Let $u_i, i= 1,\cdots,p$ and $v_j, j= 1,\cdots,s$ be finitely many vectors in $\mathbb{R}^n$. Show that
$$ \text{conv}(u_1,u_2,\cdots,u_p)+\text{conv}(v_1,v_2,\cdots,v_s)=\text{conv}\{u_i+v_j \mid i= 1,\cdots,p, \,\, j= 1,\cdots,s\} $$
We need to show
$$ x+y \in \text{conv}\{u_i+v_j \mid i= 1,\cdots,p, \,\, j= 1,\cdots,s\} $$
where $x \in \text{conv}(u_1,u_2,\cdots,u_p)$ and $y \in \text{conv}(v_1,v_2,\cdots,v_s)$. Also, we need to show
$$ z \in \text{conv}(u_1,u_2,\cdots,u_p)+\text{conv}(v_1,v_2,\cdots,v_s) $$
where $z \in \text{conv}\{u_i+v_j \mid i= 1,\cdots,p, \,\, j= 1,\cdots,s\}$.

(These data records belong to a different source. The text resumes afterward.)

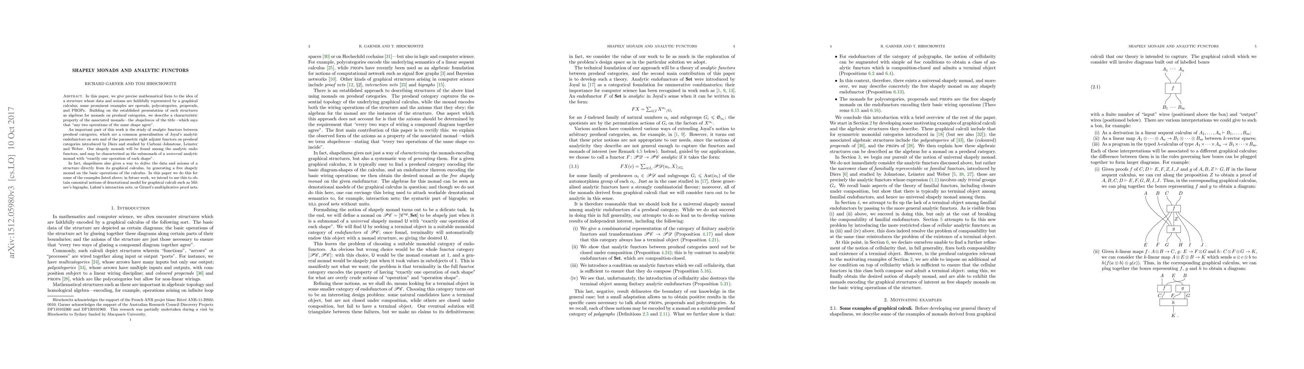 This paper formalizes the concept of shapely monads, which encapsulate structures like operads and PROPs through a graphical calculus, ensuring any operations of the same shape agree. It also explores analytic functors as a generalization of Joyal's and Diers's functors, characterizing shapely monads as submonads of a universal analytic monad.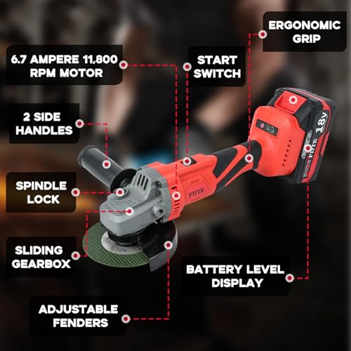 - What Will You Get: FIITE provides you with convenient and practical kits and comprehensive after-sales service! This kit comes with 1 angle grinder, 2 ¡¿ 5.0Ah batteries, 1 quick charger, 1 handle, 1 wheel(4"¡¿1/20"¡¿5/8" - 107¡¿1.2¡¿16 mm), 1 wheel guard, 1 wrench, and a tool kit.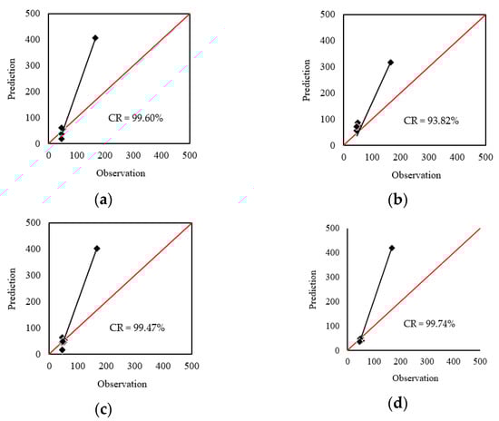 Figure 6. Referring to the CR values of 99.60%, 93.82%, 99.47%, and 99.74%, the products of all models were in good harmony with the real values. In this phase, the WCA-2TMLP, despite achieving the smallest MAE and the largest CR, obtained the largest RMSE. However, based on the better performance in terms of two indices (out of three), the superiority of the WCA-2TMLP was evident here, too.

I have tried the following for the first one:
Let $x \in \text{conv}(u_1,u_2,\cdots,u_p)$ so $x=\sum_{i=1}^p\lambda_iu_i$ where $\sum_{i=1}^p\lambda_i=1$. Also, Let $y \in \text{conv}(v_1,v_2,\cdots,v_s)$ so $x=\sum_{j=1}^s\mu_jv_j$ where $\sum_{j=1}^s\mu_j=1$.
Summing them
$$x+y=\lambda_1u_1+\lambda_2u_2+\cdots+\lambda_pu_p+\mu_1v_1+\mu_2v_2+\cdots+\mu_sv_s.$$
Now the question is how we can get something in the form of $\text{conv}\{u_i+v_j \mid i= 1,\cdots,p, \,\, j= 1,\cdots,s\}$?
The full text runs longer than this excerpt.